(Data for the task begins)
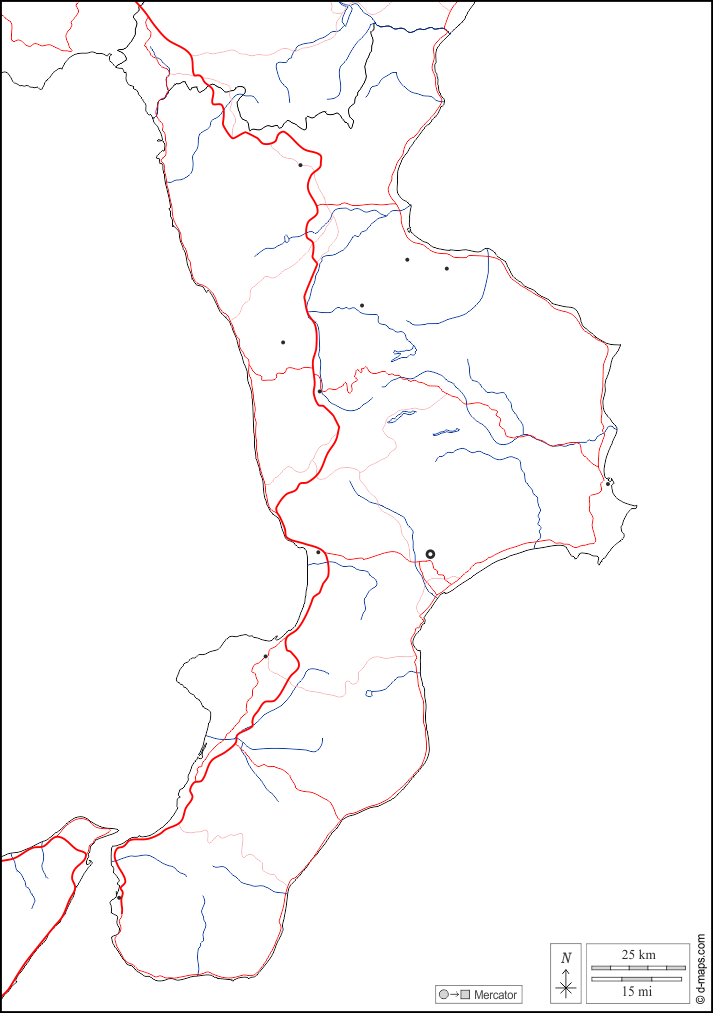 d-maps > यूरोप > इटली > कालाब्रिया > सीमाओं, जल-सर्वेक्षण, मुख्य शहरों, सड़कों, सफेद
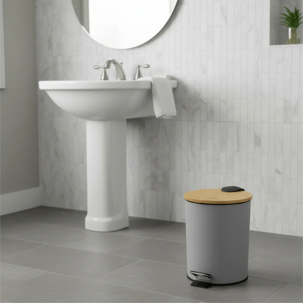 Diseño: Redondo, con balde interno plástico extraíble que facilita la limpieza y el recambio de bolsas.
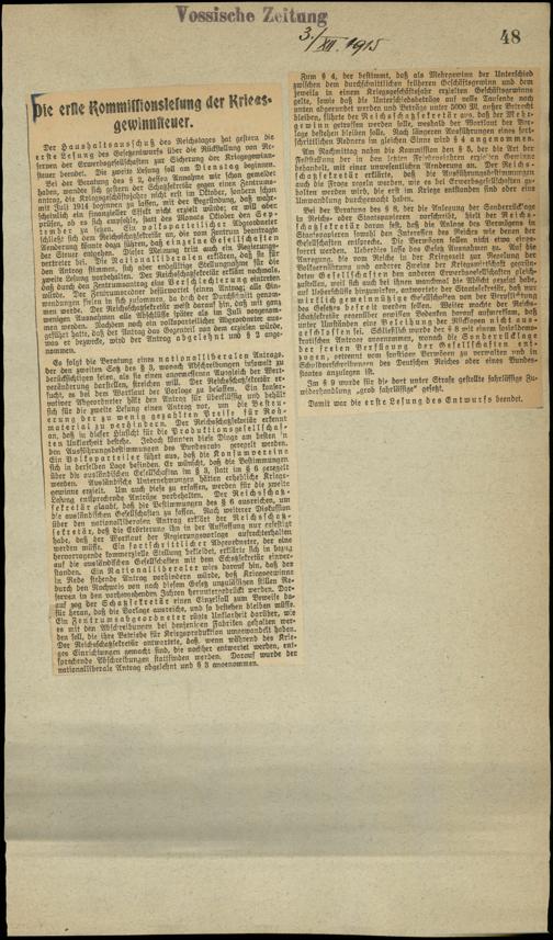 Die erste Kommissionslesung der Kriegsgewinnsteuer.
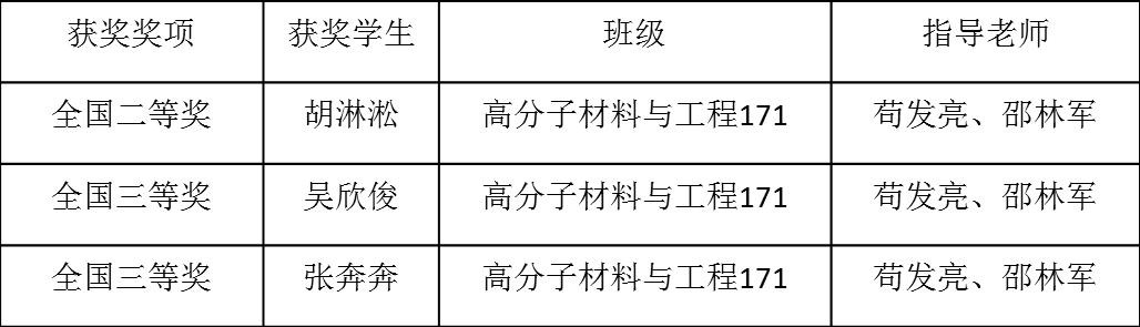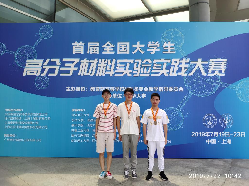 7月19-23日,由教育部高等学校材料类专业教学指导委员会主办的“首届全国大学生高分子材料实验实践大赛”在东华大学纤维材料改性国家重点实验室隆重举行。经过校级选拔,韩国av 2017级高分子材料与工程专业三位学生代表学校参加决赛,与四川大学、东华大学、西安交通大学、大连理工大学、华东理工大学等31所高校学生同台竞技,荣获二等奖一项,三等奖两项。
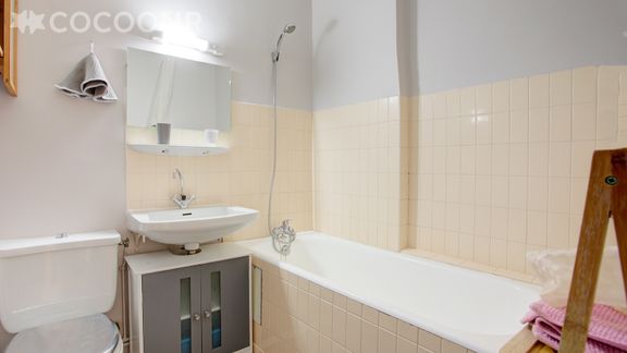 - Une salle de bain avec baignoire et WC
(Data for the task ends)
Task to carry out: Starting at the line with "Die erste Kommissionslesung", write out every line exactly through the final line of the records above, both included, and skip the pictures.

Problem solution:
 Die erste Kommissionslesung der Kriegsgewinnsteuer.
 7月19-23日,由教育部高等学校材料类专业教学指导委员会主办的“首届全国大学生高分子材料实验实践大赛”在东华大学纤维材料改性国家重点实验室隆重举行。经过校级选拔,韩国av 2017级高分子材料与工程专业三位学生代表学校参加决赛,与四川大学、东华大学、西安交通大学、大连理工大学、华东理工大学等31所高校学生同台竞技,荣获二等奖一项,三等奖两项。
 - Une salle de bain avec baignoire et WC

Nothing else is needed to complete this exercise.